Assignment: Only the stretch below from the line holding "Organize your billiard" through the line holding "This blue bodycon" should be restated, word for word and with both ends included; pictures stay out.

The data:
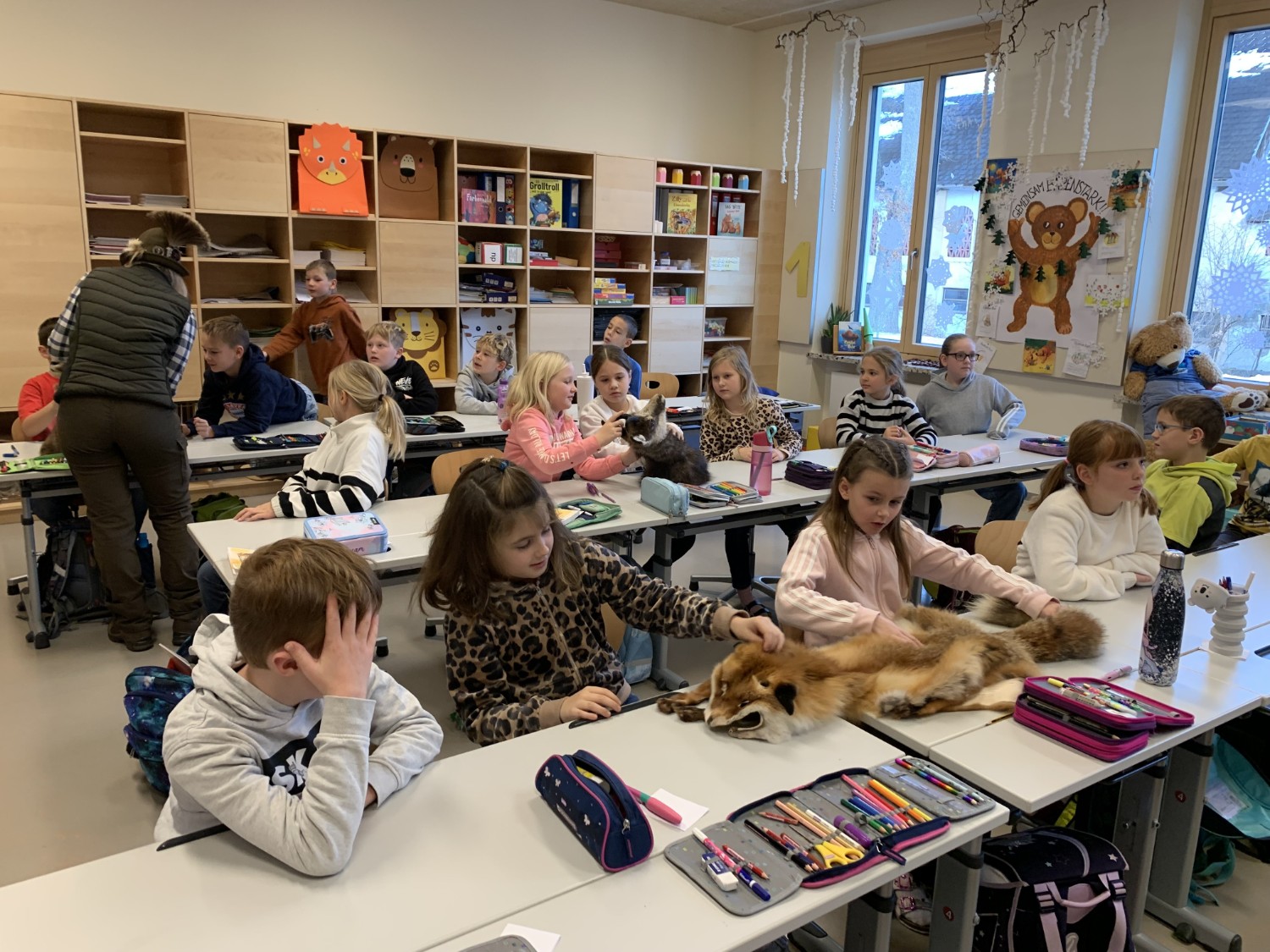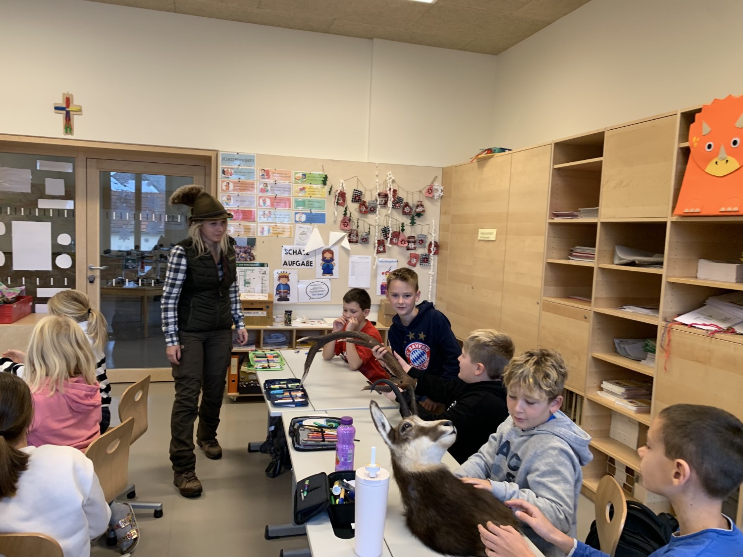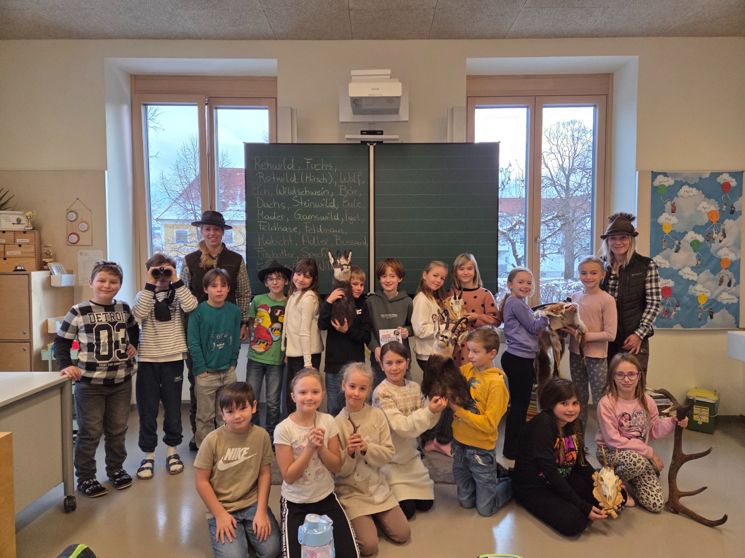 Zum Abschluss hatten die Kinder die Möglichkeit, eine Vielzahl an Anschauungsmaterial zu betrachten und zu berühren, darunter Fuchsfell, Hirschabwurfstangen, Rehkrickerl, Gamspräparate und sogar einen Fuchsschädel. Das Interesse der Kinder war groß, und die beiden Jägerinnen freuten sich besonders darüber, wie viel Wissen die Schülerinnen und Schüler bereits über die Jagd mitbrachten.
==
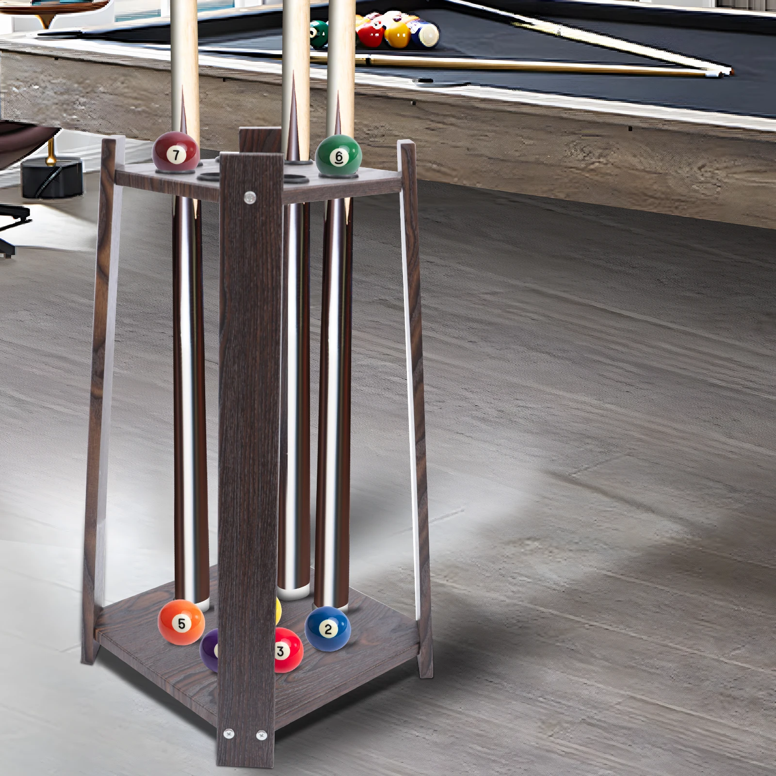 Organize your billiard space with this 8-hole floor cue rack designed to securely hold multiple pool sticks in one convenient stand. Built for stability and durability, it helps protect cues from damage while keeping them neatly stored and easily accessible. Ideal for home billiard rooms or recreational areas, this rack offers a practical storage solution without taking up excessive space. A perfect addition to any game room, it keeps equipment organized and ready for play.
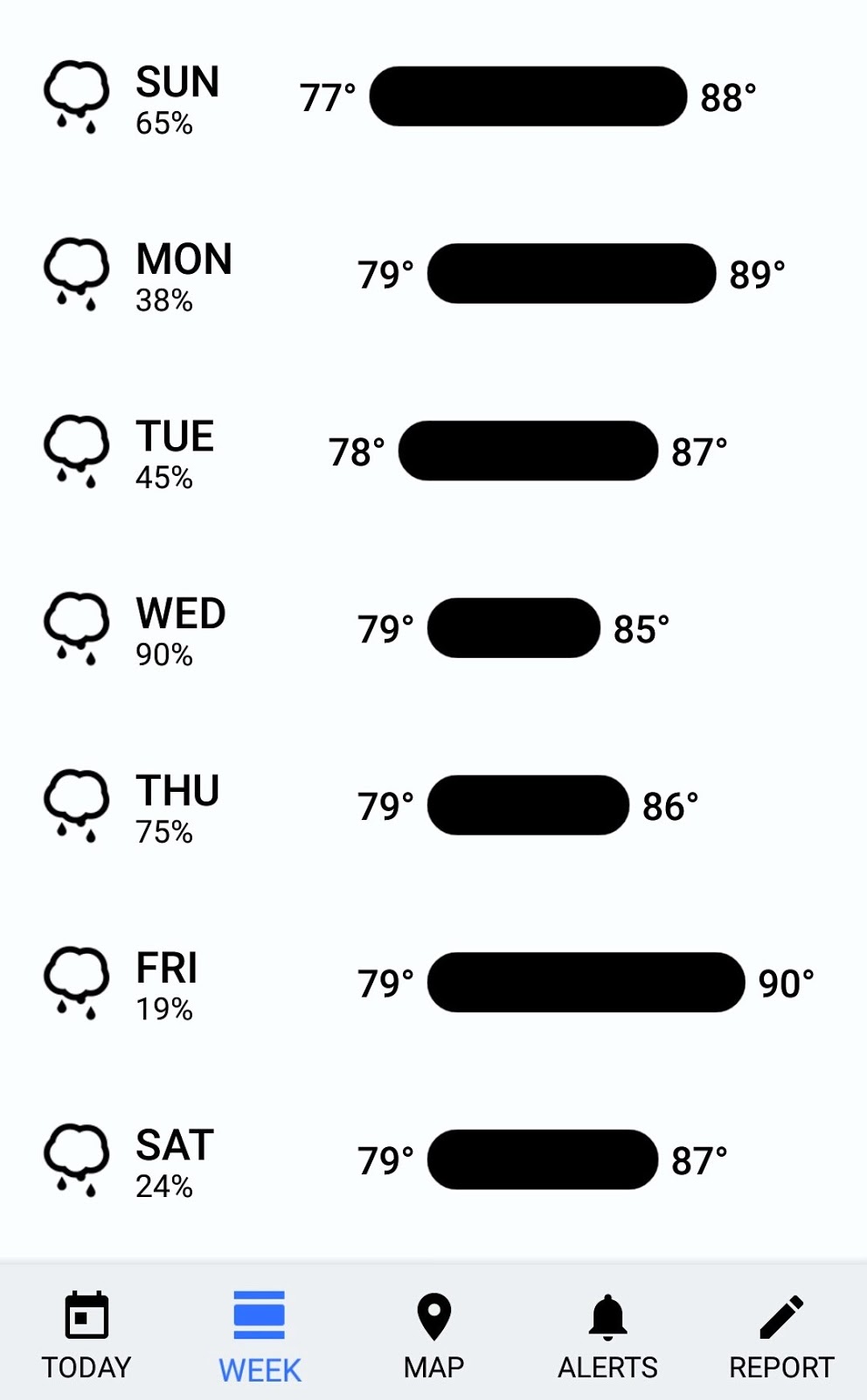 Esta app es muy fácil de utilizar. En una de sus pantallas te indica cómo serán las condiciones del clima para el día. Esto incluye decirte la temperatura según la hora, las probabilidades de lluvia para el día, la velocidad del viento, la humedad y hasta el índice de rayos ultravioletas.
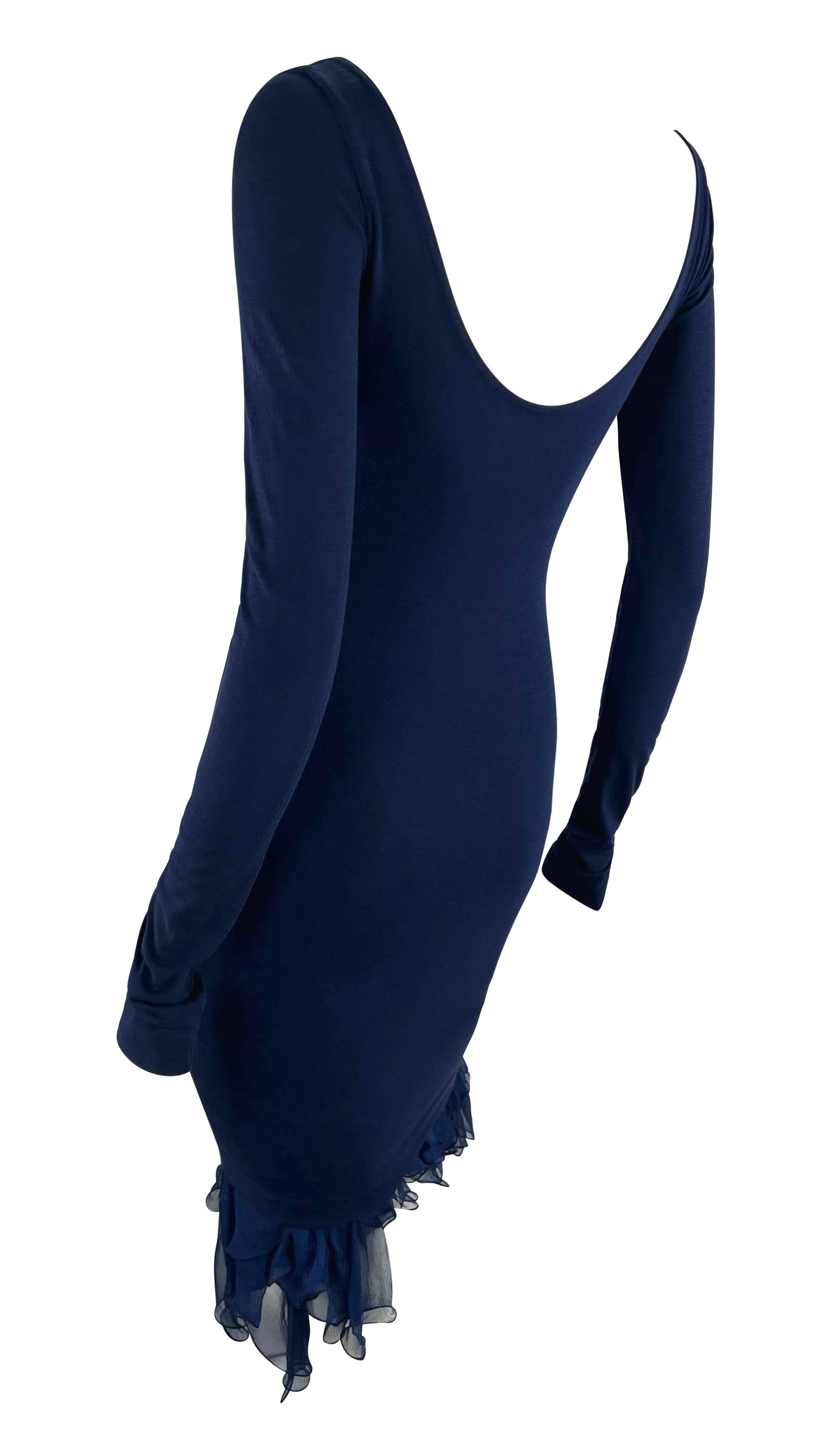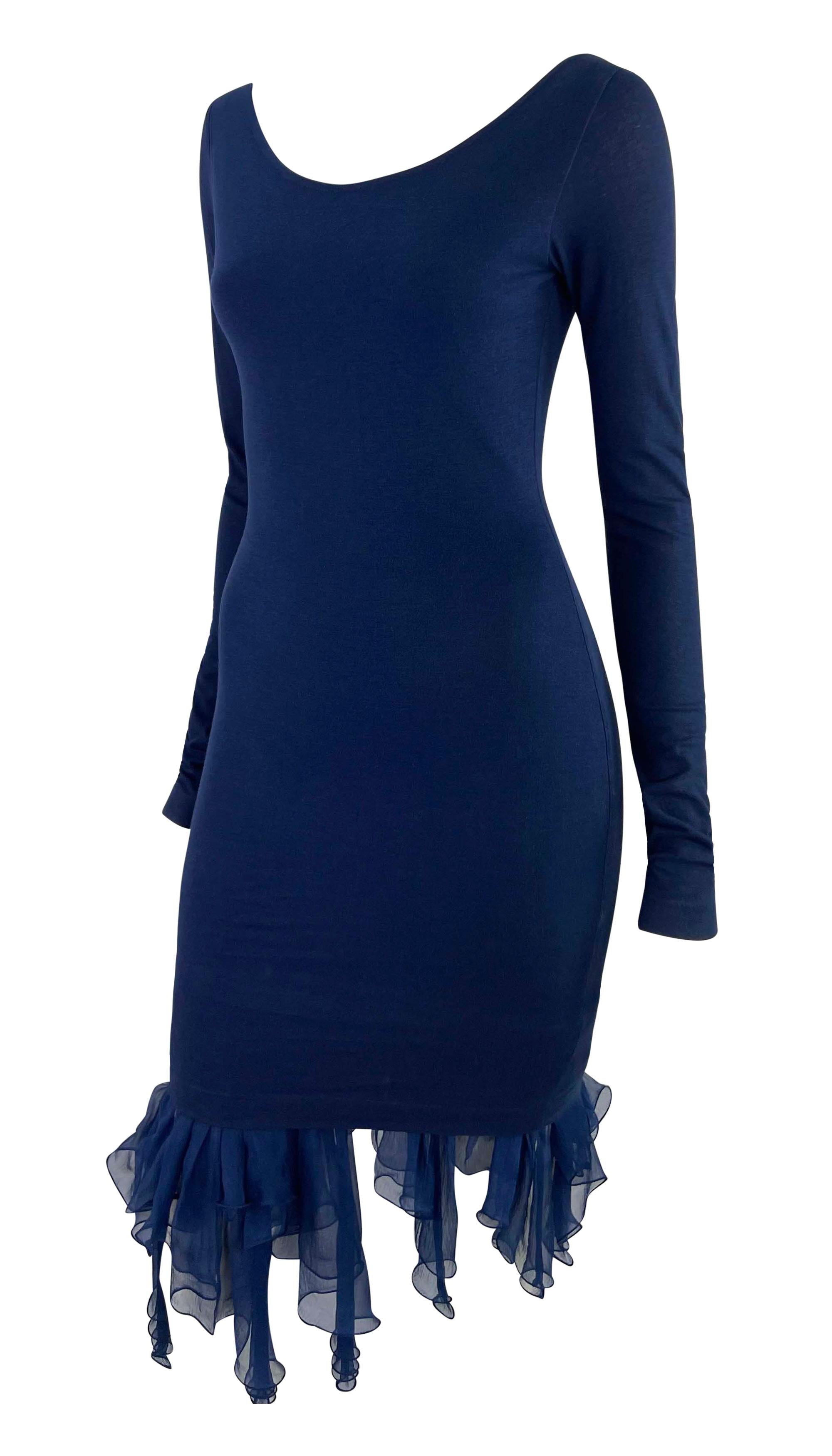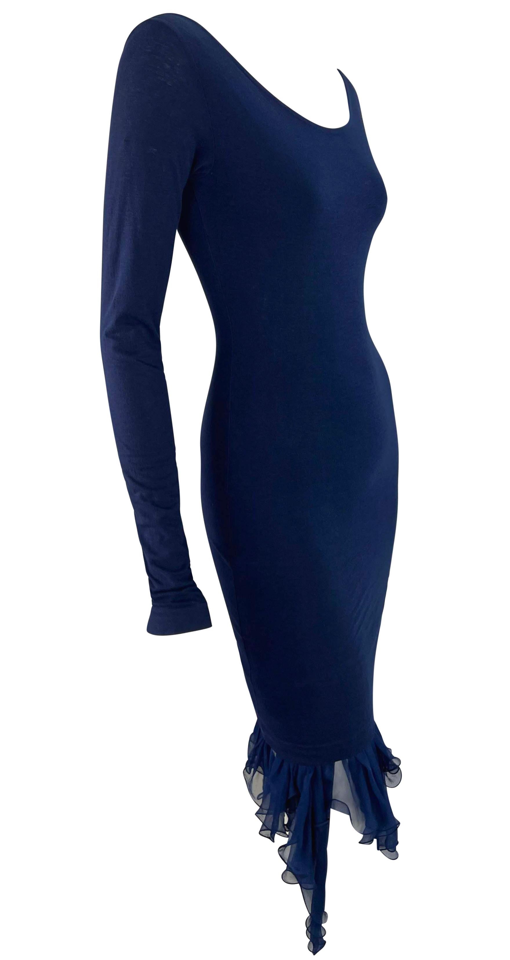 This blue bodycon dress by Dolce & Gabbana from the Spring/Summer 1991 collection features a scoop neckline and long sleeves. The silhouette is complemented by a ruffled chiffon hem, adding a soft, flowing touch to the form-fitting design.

Exercise response:
 Organize your billiard space with this 8-hole floor cue rack designed to securely hold multiple pool sticks in one convenient stand. Built for stability and durability, it helps protect cues from damage while keeping them neatly stored and easily accessible. Ideal for home billiard rooms or recreational areas, this rack offers a practical storage solution without taking up excessive space. A perfect addition to any game room, it keeps equipment organized and ready for play.
 Esta app es muy fácil de utilizar. En una de sus pantallas te indica cómo serán las condiciones del clima para el día. Esto incluye decirte la temperatura según la hora, las probabilidades de lluvia para el día, la velocidad del viento, la humedad y hasta el índice de rayos ultravioletas.
 This blue bodycon dress by Dolce & Gabbana from the Spring/Summer 1991 collection features a scoop neckline and long sleeves. The silhouette is complemented by a ruffled chiffon hem, adding a soft, flowing touch to the form-fitting design.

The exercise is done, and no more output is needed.